HOW TO COMPLETE THIS TASK:
Starting with the first line of the material, reproduce exactly each line up to and including the one that contains "To earn these", leaving out every picture.

DATA BLOCK:
_____

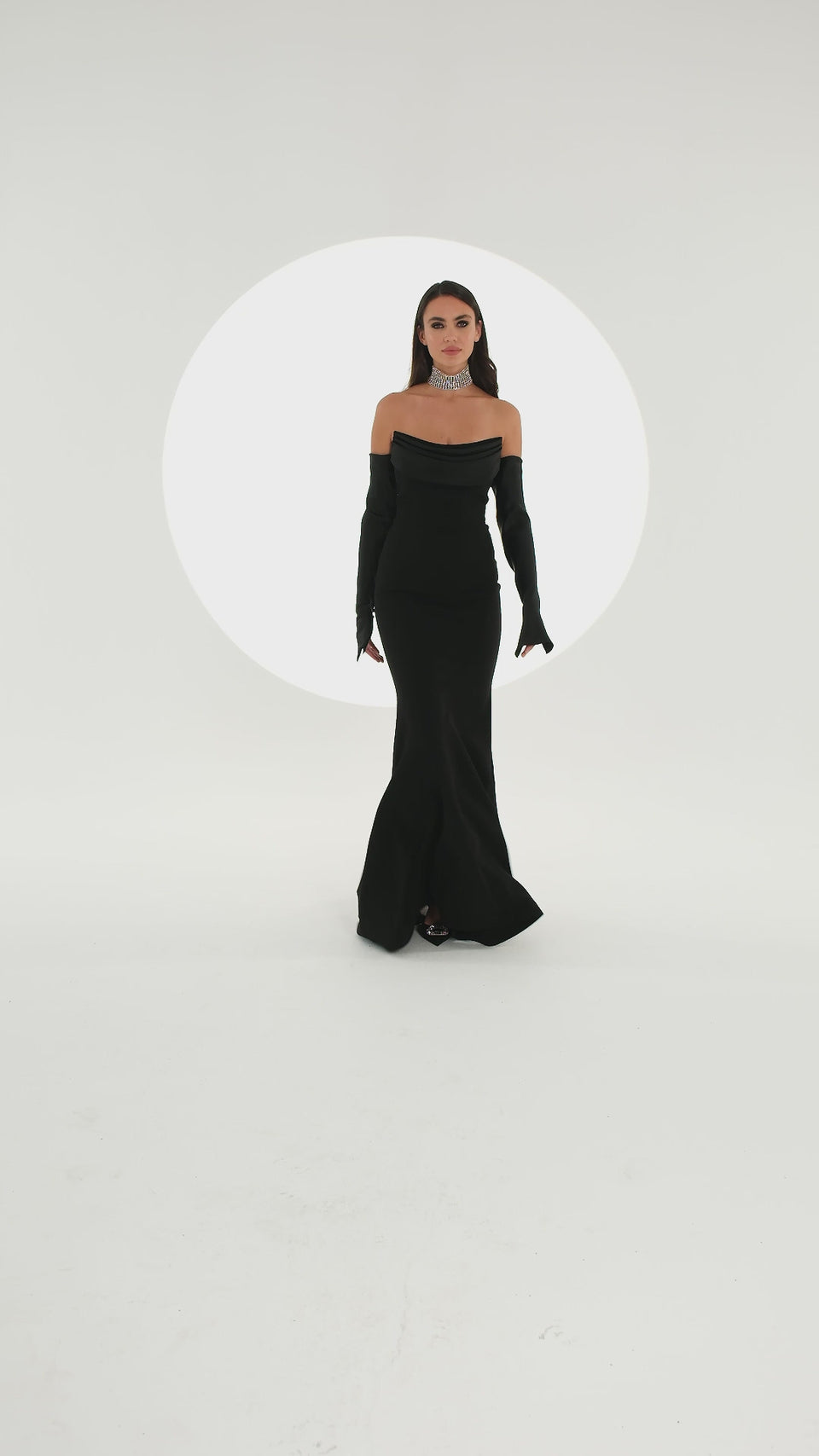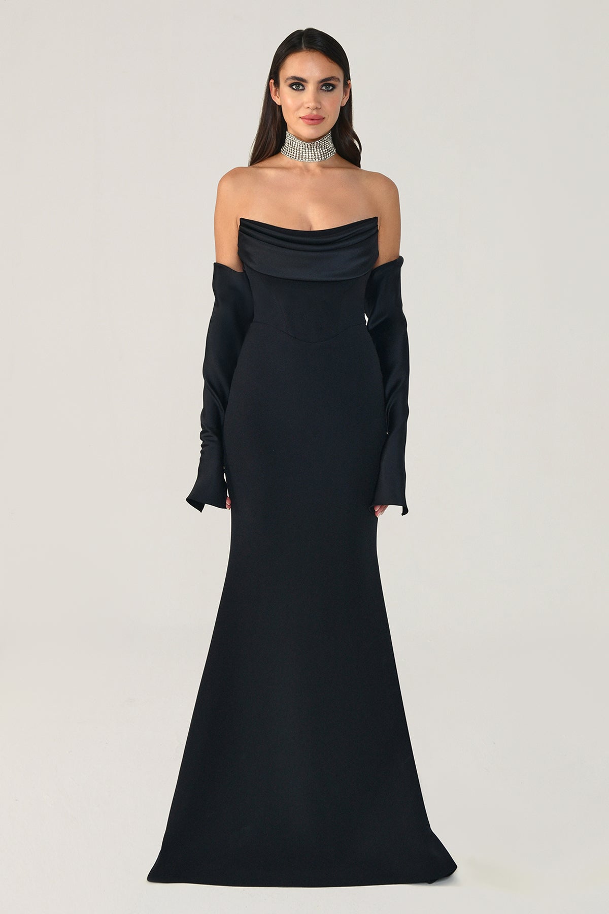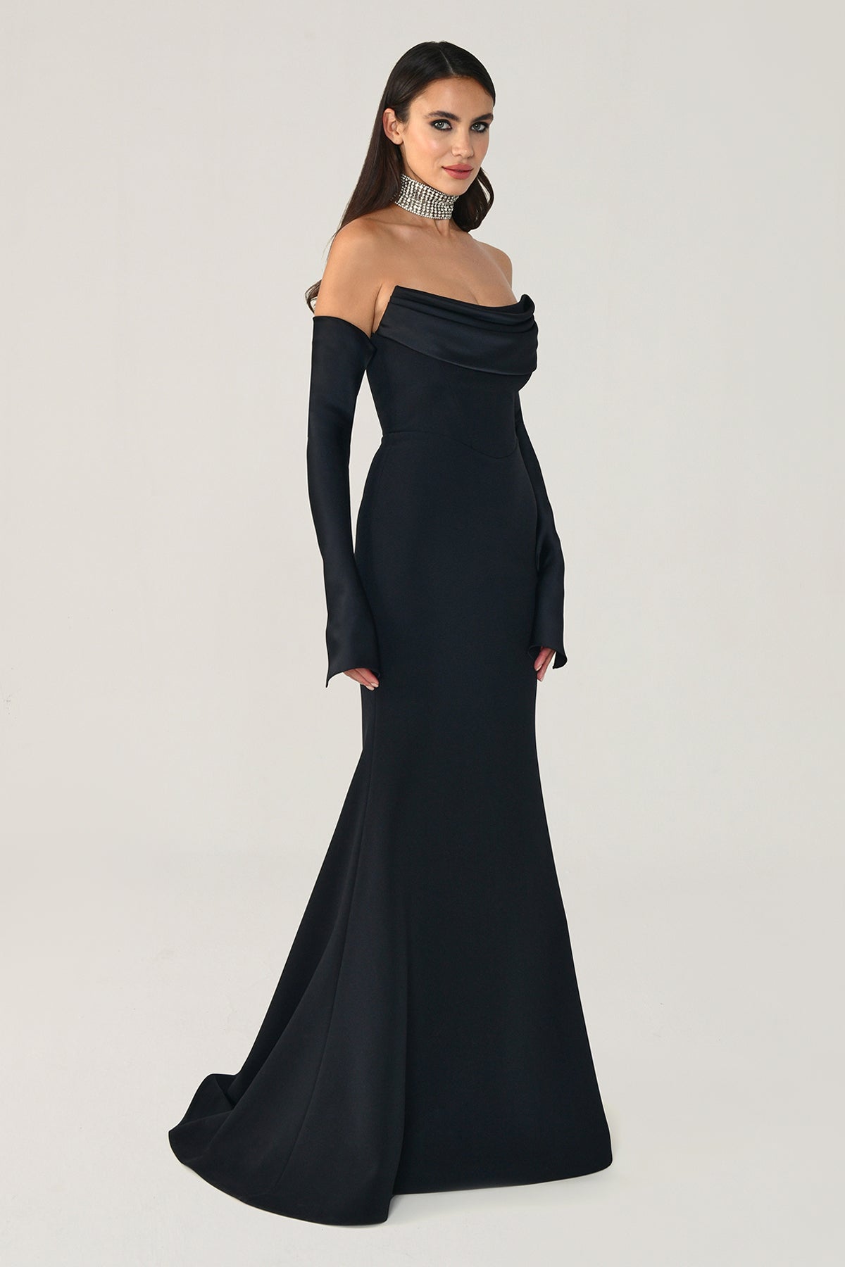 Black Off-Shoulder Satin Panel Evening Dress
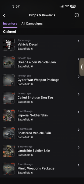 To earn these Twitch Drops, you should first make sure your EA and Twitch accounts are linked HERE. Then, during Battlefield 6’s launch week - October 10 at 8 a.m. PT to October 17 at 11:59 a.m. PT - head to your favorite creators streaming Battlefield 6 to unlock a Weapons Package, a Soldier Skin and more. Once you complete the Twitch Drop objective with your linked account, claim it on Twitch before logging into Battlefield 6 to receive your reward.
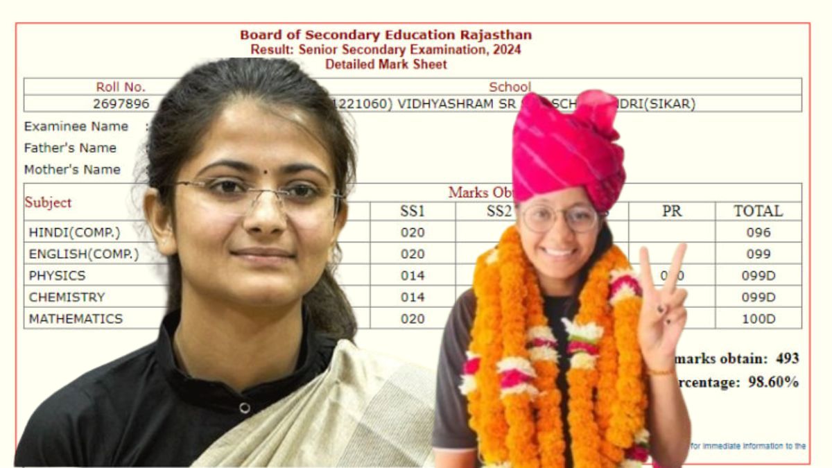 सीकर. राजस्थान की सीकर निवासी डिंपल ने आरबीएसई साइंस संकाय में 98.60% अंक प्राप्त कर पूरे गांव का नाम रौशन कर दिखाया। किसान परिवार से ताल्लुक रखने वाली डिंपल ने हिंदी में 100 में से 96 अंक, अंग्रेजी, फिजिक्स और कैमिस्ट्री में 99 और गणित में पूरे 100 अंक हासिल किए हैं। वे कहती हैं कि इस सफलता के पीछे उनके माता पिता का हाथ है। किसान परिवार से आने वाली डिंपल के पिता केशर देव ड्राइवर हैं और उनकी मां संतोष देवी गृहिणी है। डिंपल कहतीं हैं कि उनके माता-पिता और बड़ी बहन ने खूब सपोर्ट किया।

_____

SOLVED PROBLEM:
 Black Off-Shoulder Satin Panel Evening Dress
 To earn these Twitch Drops, you should first make sure your EA and Twitch accounts are linked HERE. Then, during Battlefield 6’s launch week - October 10 at 8 a.m. PT to October 17 at 11:59 a.m. PT - head to your favorite creators streaming Battlefield 6 to unlock a Weapons Package, a Soldier Skin and more. Once you complete the Twitch Drop objective with your linked account, claim it on Twitch before logging into Battlefield 6 to receive your reward.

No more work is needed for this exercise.